Uma das funções simbólicas mais importantes da cerveja na cultura australiana é comunicar as diferenças entre os machos e as fêmeas. Os australianos são expostos cedo ao simbolismo masculino da cerveja, e chegam a saber inquestionavelmente que a cerveja é uma bebida masculina. Eles obtiveram esse “conhecimento” através de uma variedade de fontes, incluindo suas famílias, seus pares e a mídia:
Feminino: A cerveja é uma bebida masculina.
Pesquisador: Porque é que os homens bebem cerveja?
Feminino: Eu acho que é algo que – provavelmente é a publicidade quando eles são jovens ou o velho gole da cerveja do pai quando você é jovem (adulto feminino, NSW).
Pesquisador: Porque há uma diferença entre o que homens e mulheres bebem?
Feminino: Provavelmente, as tendências.

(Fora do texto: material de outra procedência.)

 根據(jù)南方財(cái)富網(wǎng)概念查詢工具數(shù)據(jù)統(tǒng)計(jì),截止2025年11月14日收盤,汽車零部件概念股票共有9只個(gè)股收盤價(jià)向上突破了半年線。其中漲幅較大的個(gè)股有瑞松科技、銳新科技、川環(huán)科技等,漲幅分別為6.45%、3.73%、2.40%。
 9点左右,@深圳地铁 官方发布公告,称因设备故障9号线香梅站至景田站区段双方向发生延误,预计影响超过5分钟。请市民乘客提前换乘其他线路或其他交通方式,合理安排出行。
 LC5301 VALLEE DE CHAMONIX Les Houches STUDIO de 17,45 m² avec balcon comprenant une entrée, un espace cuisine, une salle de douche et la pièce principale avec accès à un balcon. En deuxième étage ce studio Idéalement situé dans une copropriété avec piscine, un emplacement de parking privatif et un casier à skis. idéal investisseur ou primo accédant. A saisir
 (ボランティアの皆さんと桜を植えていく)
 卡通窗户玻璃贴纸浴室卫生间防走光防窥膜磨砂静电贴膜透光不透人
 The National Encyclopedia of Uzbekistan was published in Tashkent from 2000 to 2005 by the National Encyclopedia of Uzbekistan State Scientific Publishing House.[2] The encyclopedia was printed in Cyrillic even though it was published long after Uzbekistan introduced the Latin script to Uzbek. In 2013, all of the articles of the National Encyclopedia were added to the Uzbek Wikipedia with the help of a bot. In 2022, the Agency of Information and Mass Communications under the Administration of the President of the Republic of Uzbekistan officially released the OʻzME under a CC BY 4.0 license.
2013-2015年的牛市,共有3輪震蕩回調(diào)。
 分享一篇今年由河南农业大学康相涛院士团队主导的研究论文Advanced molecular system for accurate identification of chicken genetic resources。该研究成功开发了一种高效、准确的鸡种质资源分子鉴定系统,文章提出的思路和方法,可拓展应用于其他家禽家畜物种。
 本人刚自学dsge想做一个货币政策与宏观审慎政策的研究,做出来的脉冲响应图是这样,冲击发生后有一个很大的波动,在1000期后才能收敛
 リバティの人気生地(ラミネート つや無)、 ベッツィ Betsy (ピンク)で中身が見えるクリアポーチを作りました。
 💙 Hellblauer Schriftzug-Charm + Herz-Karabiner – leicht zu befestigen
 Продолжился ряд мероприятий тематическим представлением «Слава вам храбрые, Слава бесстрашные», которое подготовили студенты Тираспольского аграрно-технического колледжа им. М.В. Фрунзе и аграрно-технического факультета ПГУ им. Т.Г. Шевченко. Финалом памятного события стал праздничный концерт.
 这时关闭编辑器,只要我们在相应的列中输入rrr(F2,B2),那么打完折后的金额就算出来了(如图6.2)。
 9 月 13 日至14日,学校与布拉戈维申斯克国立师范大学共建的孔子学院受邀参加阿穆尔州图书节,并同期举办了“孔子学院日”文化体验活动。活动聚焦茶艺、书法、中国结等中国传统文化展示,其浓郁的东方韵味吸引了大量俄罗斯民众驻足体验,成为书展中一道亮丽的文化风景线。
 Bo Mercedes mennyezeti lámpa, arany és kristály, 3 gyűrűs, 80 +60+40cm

Como a maioria das raparigas e a maioria dos rapazes têm coisas separadas, como o que deveriam beber. Isso é o que a sociedade diz e o que seus amigos pensam (adolescente feminino, VIC).
Pesquisador: Porque há essa diferenciação entre quem bebe o quê?
Male: A sociedade. Quero dizer, você sabe que desde criança, você sabe, você vê homens bebendo cerveja e mulheres bebendo vinho ou uísque e coca-cola, ou o que quer que seja. Quando se é pequeno, está por todo o lado. O teu pai tem uma cerveja e a tua mãe tem um vinho (adulto do sexo masculino, NSW).
Embora sejam frequentemente confrontados com contradições à regra que afirma que a cerveja é uma bebida masculina (como no caso das mulheres que bebem cerveja), a maioria é geralmente capaz de ignorar tais variações e manter a sua crença no simbolismo específico do género da cerveja. Elas reduzem a dissonância cognitiva resultante do consumo observado de cerveja feminina através de estereótipos BDFs de forma a dissociar o seu comportamento do de uma mulher australiana “própria”. É evidente quando se fala com australianos mais jovens e mais velhos que os BDFs são frequentemente percebidos como uma minoria “feia”. Dado este estereótipo, não é surpreendente que as fêmeas se conformem amplamente com a exigência de evitar a cerveja. Em vez disso, o vinho é a forma de álcool mais fortemente associada às mulheres, e também é percebido como apropriado tanto para os homens como para as mulheres pertencentes a grupos sócio-econômicos mais elevados. Os australianos de todas as idades e origens ofereceram vinho como bebida preferida! das mulheres australianas. Onde os machos eram mencionados como bebedores de vinho, geralmente era em conjunto com uma referência ao vinho tinto e à riqueza relativa. O vinho tinto é visto como mais masculino do que o vinho branco, e portanto mais apropriado para o consumo masculino. Também é considerado mais caro e, portanto, mais apropriado para machos e fêmeas das classes superiores.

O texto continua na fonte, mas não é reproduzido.